Review by wiz_d_kidd

5 stars Lizard is Lizard again!

I had been a long time fan of this Polish band, up until they released Master & M, when I noted in another review that their style had changed substantially, and not for the better (in my opinion). All that disappointment I had is now gone with this wonderful release.

Gone is the Damian-only vocal/guitar show that was Master & M. And also gone is the poor mixing that sent the rest of the band to inaudible oblivion. Back are the wonderfully melodic vocals of Damian Bydlinski -- pure tonal with no annoying runs or other embellishments -- vocals that fans will appreciate from the Spam era and before. Back are the wonderful compositions that feature all the band members unabashedly displaying their talented musicianship with ample time in the foreground. They're balanced again. They're Lizard again.

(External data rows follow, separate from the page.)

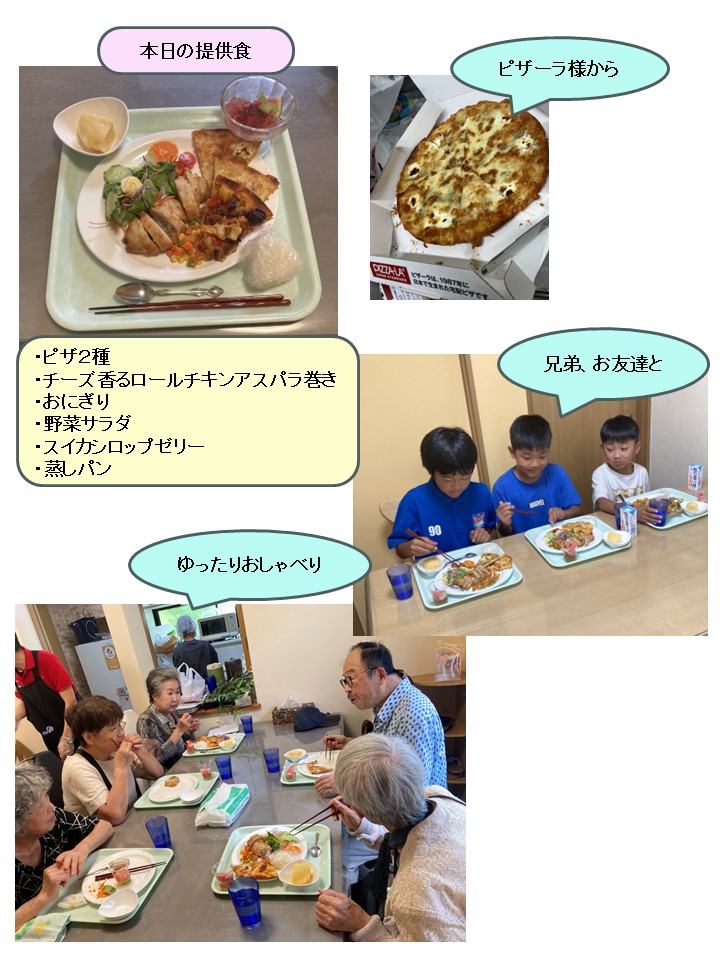 第56回こども食堂、終了しました。今回はピザーラ様からピザのご提供いただきました。
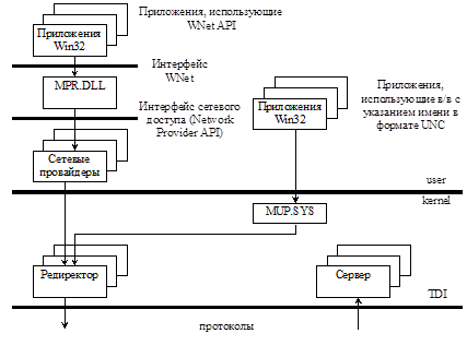 Встроенный редиректор NT реализован как драйвер файловой системы (rdr.sys), что дает возможность приложению обращаться к локальным и сетевым ресурсам одинаковым образом.
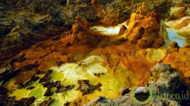 [lihat.co.id] - Tempat yang dihuni terpanas di bumi. Jika suhu rata-rata sepanjang tahun di Ethiopia adalah 94 derajat Fahrenheit, suhu teratur melebihi 115 derajat di Depresi Danakil, di mana gunung berapi Dallol berada Pada sekitar 157 meter / 48 m di bawah permukaan laut, Dallol adalah gunung berapi tanah terendah planet
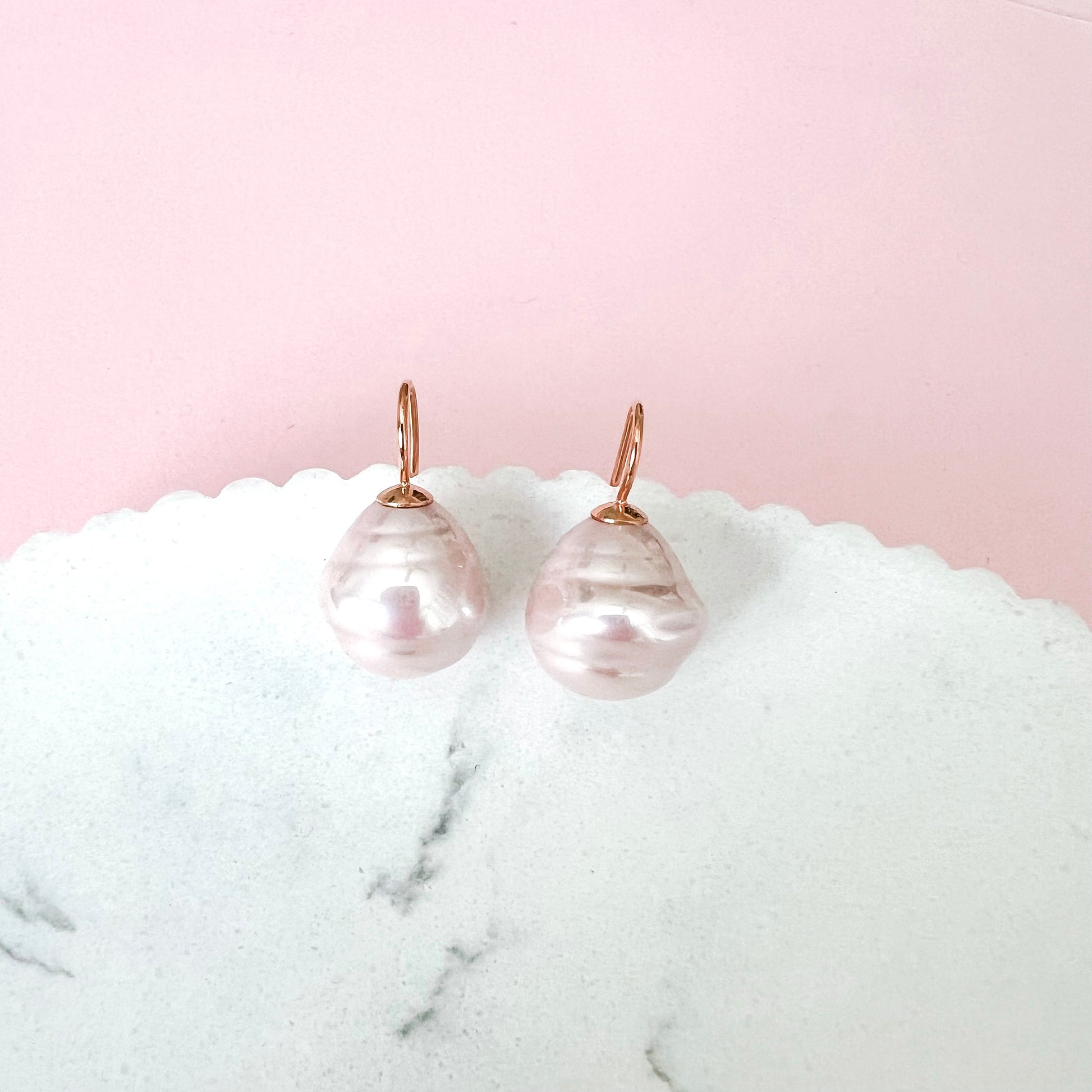 Medium Spanish Pearl Earrings - Pale Pink / Rose Gold

The lineup is the same as on Master & M, except for drummer Mariusz Szulakowski who returned to the band shortly after Master and M's release. The violin performance is un-credited, but a good guess is that it is Krzysztof Maciejowski who played with them on Spam and prior releases, and whose play is credited on Single Omen, a single released prior to this album. Welcome back to both of them! Mariusz wastes no time in making his presence known with some cool poly-rhythmic work at the start of the album (beginning around the 2:00 mark). I just wish Krzysztof had a greater violin presence, but what he does is truly sublime.

Interestingly, this album has only one track at 44 minutes. You might think that it comprises a bunch of unrelated passages, unceremoniously glued together, but in fact, the entire piece is well composed, flows seamlessly, and incorporates a recurring piano theme to tie it all together. Also interesting is the incorporation of excerpts from prior albums. The attentive listener will hear Bez Litosci, Pt. 2 from the album W Galerii Czasu at around the 32:55 mark.

Thank you, Lizard! Thank you for returning to your roots and your strengths. Four and a half stars, rounded up to five for the shear joy of having you back!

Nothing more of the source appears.